▶ MATERIAL TO PROCESS
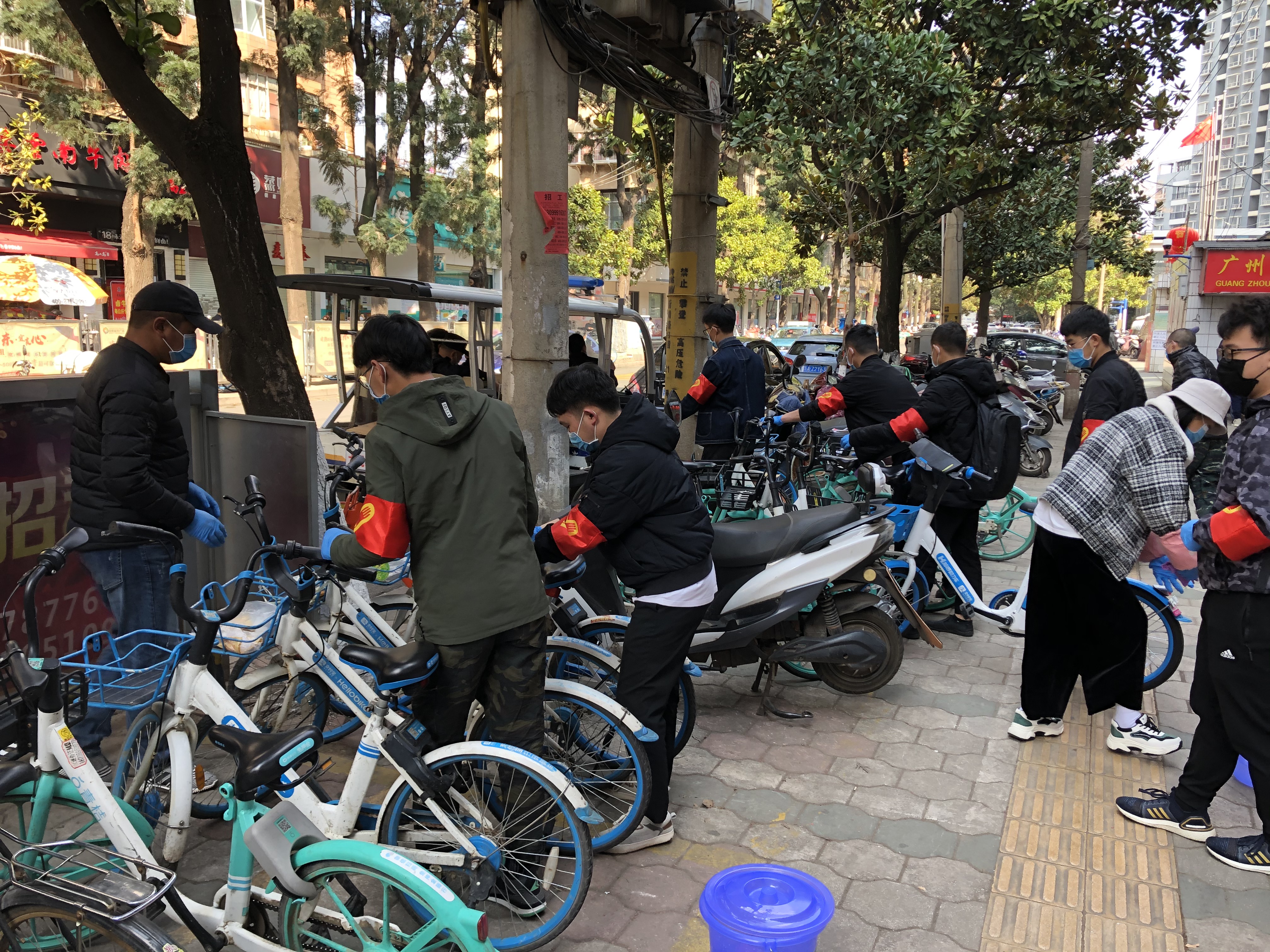 團青們也用實際行動踐行雷鋒精神。在人流量較多大觀路和新聞路旁,戴上志愿服務袖標,團青們搖身一變成了共享單車“整理員”、“清潔員”。男生在前將單車有序整理停放,清理單車籃內的塑料、紙屑垃圾;女生隨后拎著水桶、抹布,用消毒水細致地擦除把手、座位上的污漬,減少了交叉接觸的風險。清理過后,“青黃籃”各色的共享單車整齊地停放在路邊,干凈又整潔。
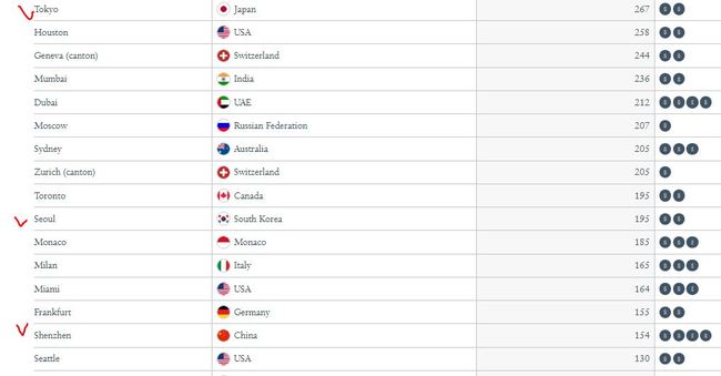 -1위 뉴욕 / 5위 베이징 347명 /싱가포르 3366홍콩 8320도쿄 11위 267서울 20위 195중국 선전 25위 134
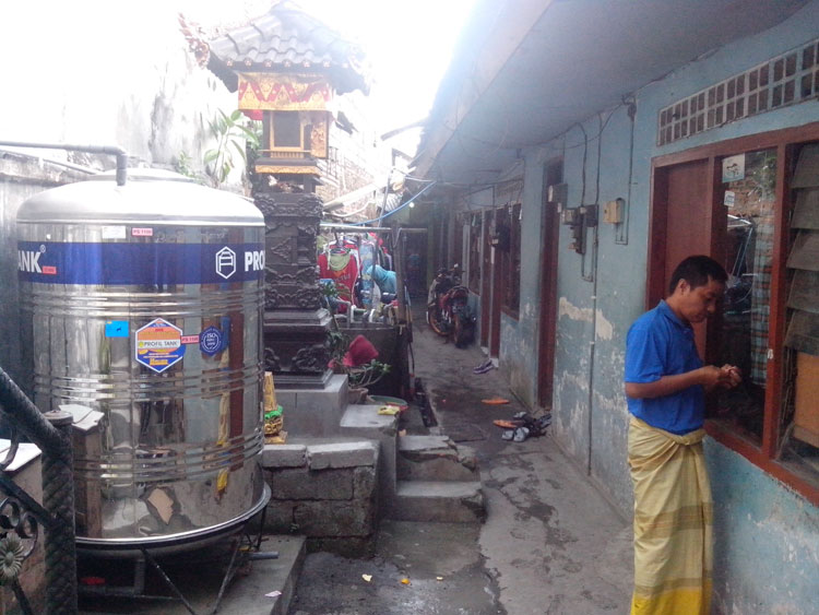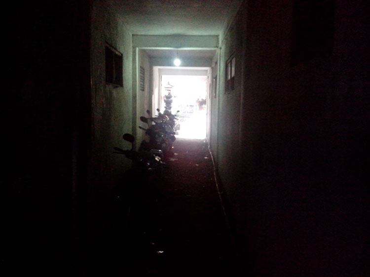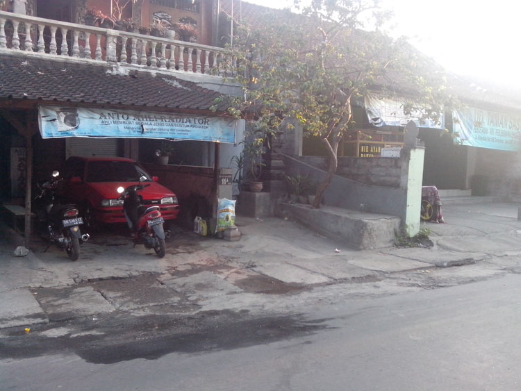 Lalu belok kanan dan berjajar kamar-kamar kos yang terlihat. Kuberjalan lurus sambil terlihat jemuran disebelah kiri, kanan adalah kamar-kamar kos, didepannya ada yang dipakai tempat cuci baju, piring dan sekedar tempat untuk nongkrong bersenda gurau.
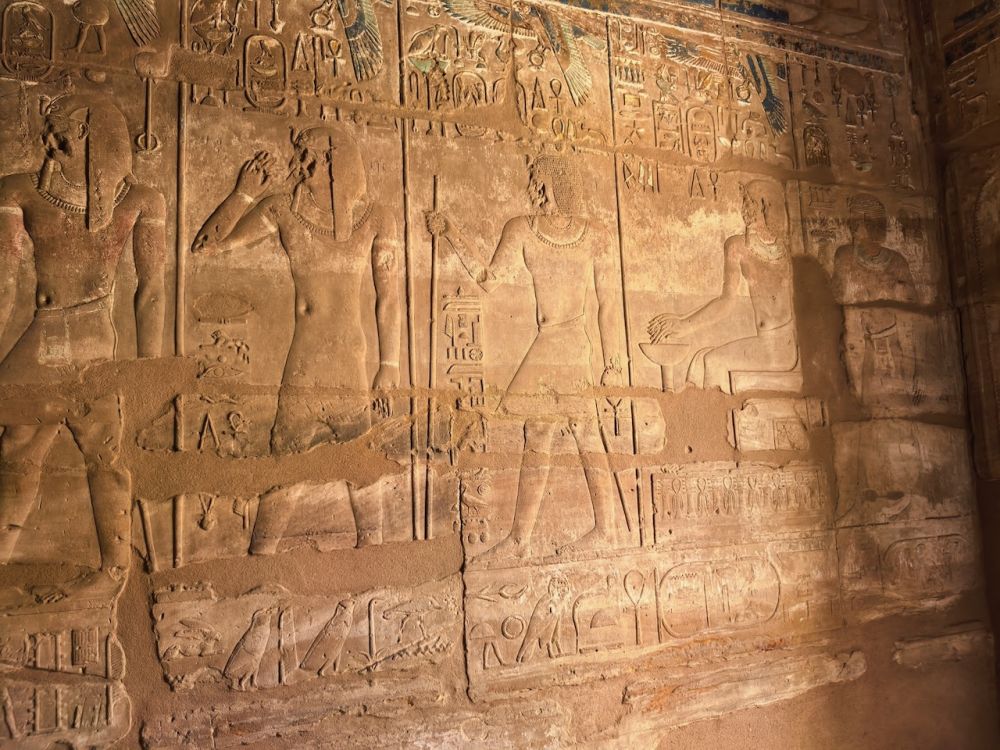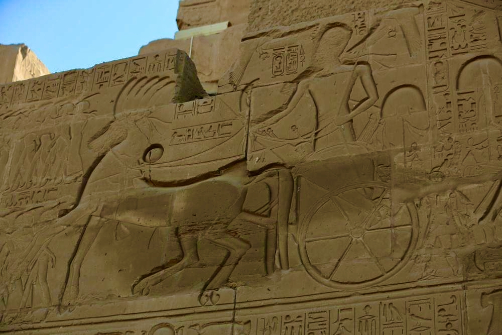 大殿内外墙壁刻满了法老的军事成就和宗教仪式。北部墙上雕刻着塞提一世的战绩,南墙是拉美西斯二世的功绩。
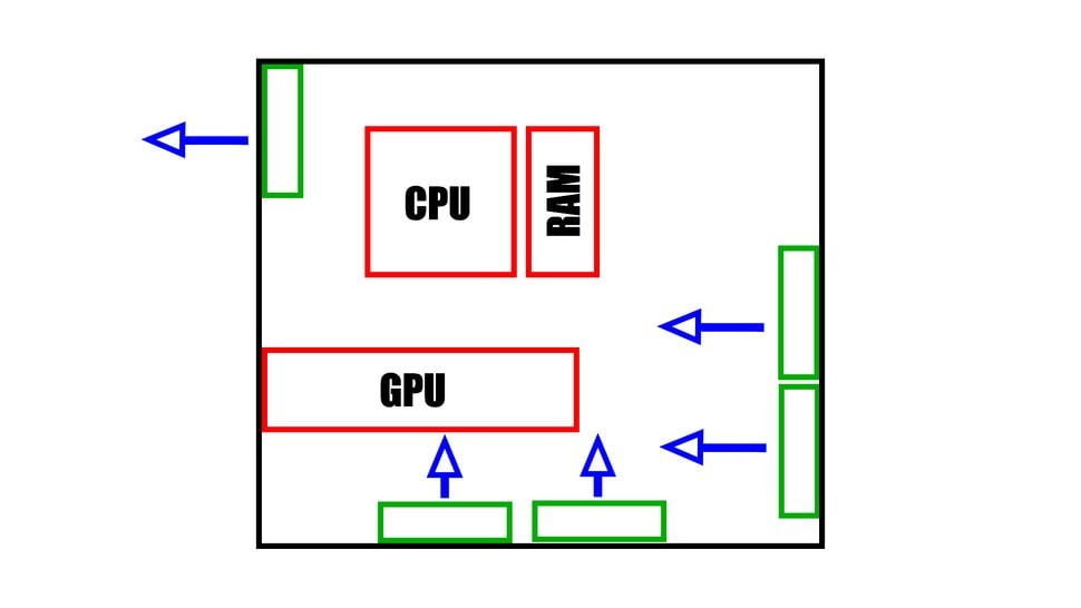 İdeal olarak kasanıza soğuk hava üflemek için iki giriş fanına ihtiyacınız var. Sıcak hava bileşenlerinizin etrafında dolaşarak sıcak havanın yükselmesini ve egzoz fan(lar)ı aracılığıyla kasadan çıkmasını sağlar.

▶ WHAT TO PRODUCE
Please write out all the data again word for word, but not the pictures.

▶ YOUR RESPONSE
 團青們也用實際行動踐行雷鋒精神。在人流量較多大觀路和新聞路旁,戴上志愿服務袖標,團青們搖身一變成了共享單車“整理員”、“清潔員”。男生在前將單車有序整理停放,清理單車籃內的塑料、紙屑垃圾;女生隨后拎著水桶、抹布,用消毒水細致地擦除把手、座位上的污漬,減少了交叉接觸的風險。清理過后,“青黃籃”各色的共享單車整齊地停放在路邊,干凈又整潔。
 -1위 뉴욕 / 5위 베이징 347명 /싱가포르 3366홍콩 8320도쿄 11위 267서울 20위 195중국 선전 25위 134
 Lalu belok kanan dan berjajar kamar-kamar kos yang terlihat. Kuberjalan lurus sambil terlihat jemuran disebelah kiri, kanan adalah kamar-kamar kos, didepannya ada yang dipakai tempat cuci baju, piring dan sekedar tempat untuk nongkrong bersenda gurau.
 大殿内外墙壁刻满了法老的军事成就和宗教仪式。北部墙上雕刻着塞提一世的战绩,南墙是拉美西斯二世的功绩。
 İdeal olarak kasanıza soğuk hava üflemek için iki giriş fanına ihtiyacınız var. Sıcak hava bileşenlerinizin etrafında dolaşarak sıcak havanın yükselmesini ve egzoz fan(lar)ı aracılığıyla kasadan çıkmasını sağlar.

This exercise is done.